A similar dynamic recently played out in Philadelphia, where that city’s janitors—also members of 32BJ, which comprises building service workers in most East Coast big cities—also threatened to strike, and won better wages and benefits in consequence. All along the East Coast, a wave of contracts will expire between now and December 31, and the union is looking to win big for its 75,000 members whose contracts are soon to expire. New Jersey cleaners have already threatened to go on strike if they don’t win a significantly better contract, even though their current one doesn’t expire for more than two months.
A particular problem for janitors is the skyrocketing cost of living in the cities whose offices they maintain. Even as they clean those offices, gentrification prevents workers from living anywhere near them, disproportionately impacting workers of color. D.C. boasts one of the highest gentrification rates in the country.
Since 32BJ’s membership is primarily immigrant, the union’s fight is not for economic justice narrowly conceived, but also racial and immigrant justice. The union is indirectly demanding that workers have a right to remain in their communities and their homes. Under the new D.C. contract, cleaners won an additional month of unpaid leave to resolve immigration-related issues, bringing the total to 120 days per year. 32BJ workers will continue to have access to the union’s Legal Services Fund, which is fully paid for by the cleaning contractors. The fund subsidizes English-language classes and legal assistance for matters of immigration, family, and housing, all free of charge.
The new D.C. contract also exemplifies the strategy of organizing through bargaining—using the threat of a strike among current members to win the right to organize new ones.
It expanded its coverage to include some 400 new cleaners in Prince George’s County, Maryland, and Loudoun County, Virginia.
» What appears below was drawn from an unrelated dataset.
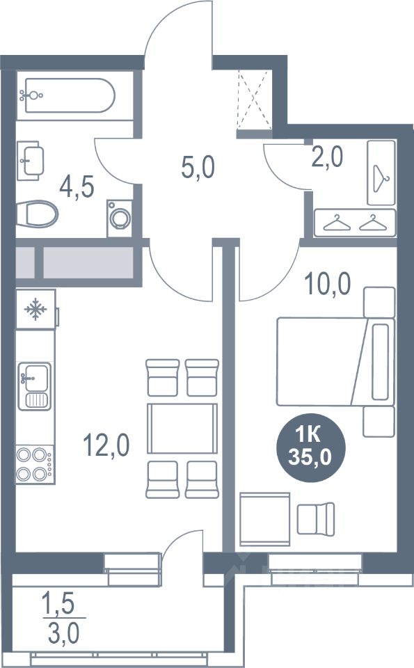 Продается однокомнатная квартира 296 в новостройке ЖК "Котельники парк" по адресу Московская область, г. Дзержинский, мкр. Новые Котельники, корп. 12. Общая площадь квартиры - 35.00 кв. м., этаж 5 из 25, секция 3. Стоимость квартиры - 6865880 Р. Срок сдачи - 4 квартал 2026 года. Более подробная информация по телефону.

Other workers in the D.C. suburbs of Maryland and Virginia can look forward to increased access to full-time hours, which will bump their earnings and give them access to employer-paid health insurance. Overall, the 32BJ cleaners covered by the new contract will see over $3,200 of new earnings by 2023 if they work 25 hours per week, and more than $5,000 if they work full-time.
The janitors’ ability to win higher pay and better working conditions is testimony to their proven ability over the past three decades to disrupt business as usual—through solidarity when they go out on strike, and through their marches in city streets that bring attention to their cause. Today, nearly 30 years after a new generation of janitorial activists took to the streets, other unions are rediscovering the power of the strike.
As Jaime Contreras, the vice president of 32BJ SEIU, says, the cleaners’ “successful fight for livable wages and benefits is a blueprint for how labor’s resurgence can help rebuild the middle class.”